Product
Making It Easy to Pick Up Where You Left Off
Users of The Zebra currently lack a clear and consistent way to return to their personalized product experience. Our current solution is both inconsistently presented and difficult to access. We aim to solve this by creating a simple, reliable way for users to easily return to their personalized experience.
Role
Design lead
Scope
B2C dashboard
Business Problem
Our data doesn’t yet show a clear picture of long-term user engagement on The Zebra, but there’s strong potential in features that drive frequent, sustained use. Repeat visits lead to higher LTV, increased revenue, and reduced reliance on Marketing for re-engagement.
As we make the product stickier and route more of the insurance journey through The Zebra, we gain market leverage and unlock larger opportunities.
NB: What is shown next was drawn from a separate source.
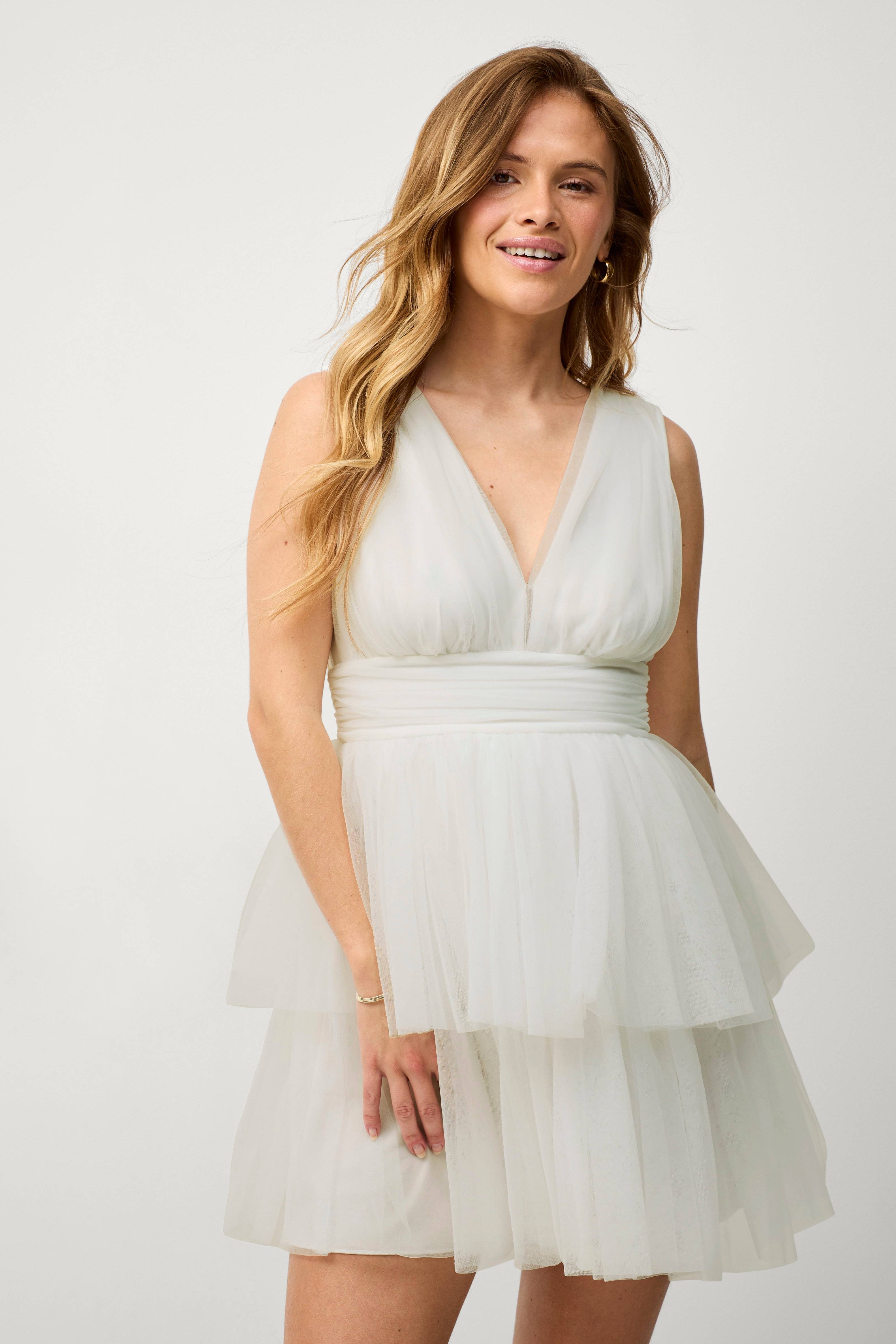 • Kort, figurformad modell i tyll• V-ringning fram och bak med dragkedja i ryggen• Draperad midja• Vid, dubbel kjol• Foder i trikå• Längd: 86 cm i storlek S

To do this, users need compelling reasons to return—like personalized recommendations, helpful tools, and a seamless re-engagement loop.
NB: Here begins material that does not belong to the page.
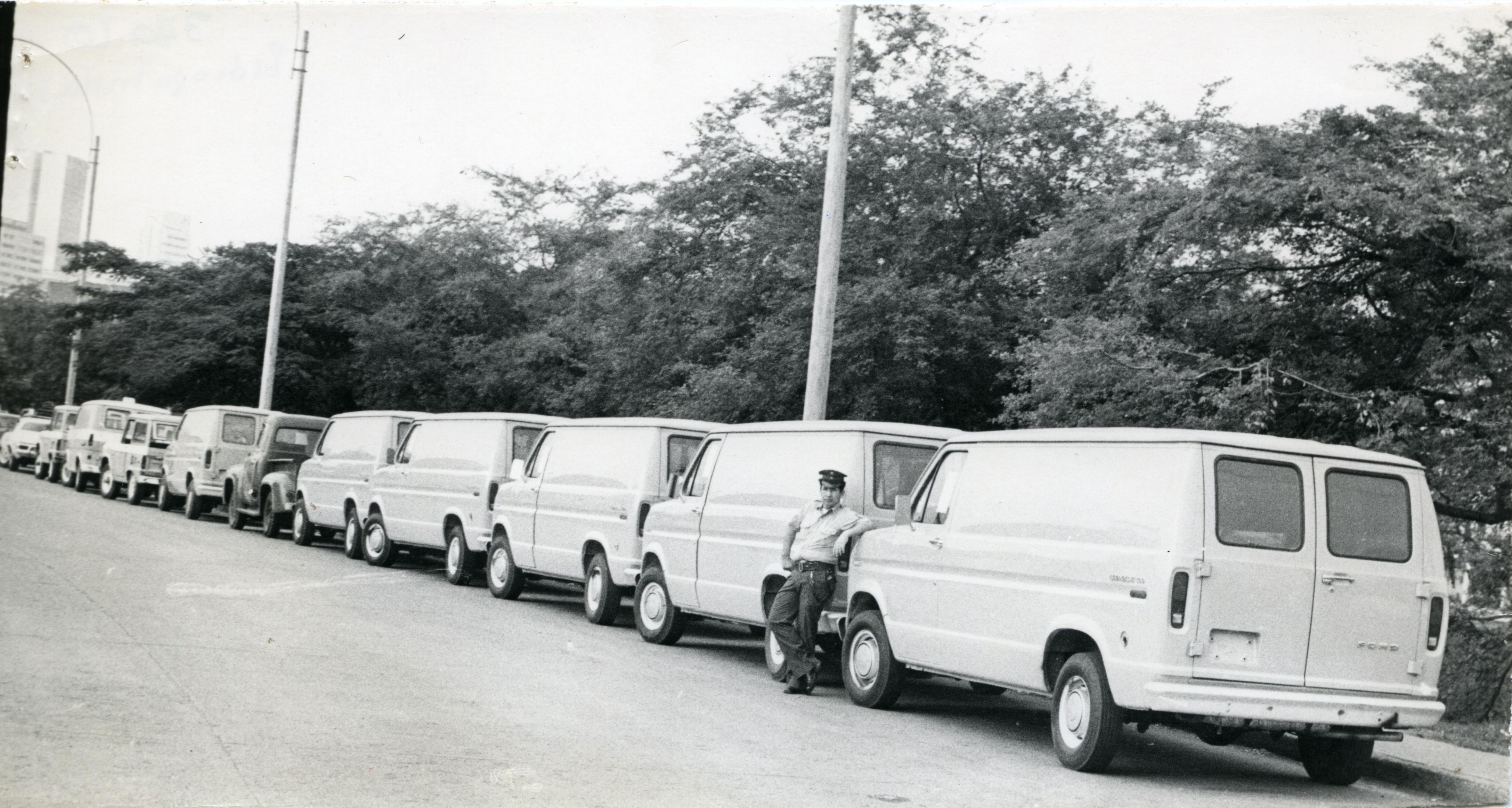 En la fotografía se observa una fila Radiopatrullas de la policía. Observamos Policía en el lugar

Project kickoff & initial research
Collaborating with a large cross-functional team, we began by identifying existing data, user stories, and key research opportunities. Partnering closely with a UX researcher, we conducted a comprehensive competitive analysis to uncover common patterns and best practices in dashboard UX. From there, we developed an aspirational user flow, mapping prioritized solution hypotheses along the way. This artifact became a valuable alignment tool—visualizing our product roadmap and bringing product, design, research, and engineering into strategic sync.
User Flow & Wireframes
Once our team aligned on the desired flow for the account client, we began brainstorming wireframe concepts. Starting with low-fidelity designs enabled us to gather quick feedback from stakeholders, allowing us to iterate rapidly and ensure early alignment.
Hi-fidelity concepts
The design phase began with an aspirational user flow, with prioritized solution hypotheses plotted throughout. This deliverable helped visualize our roadmap and aligned product, design, research, and engineering.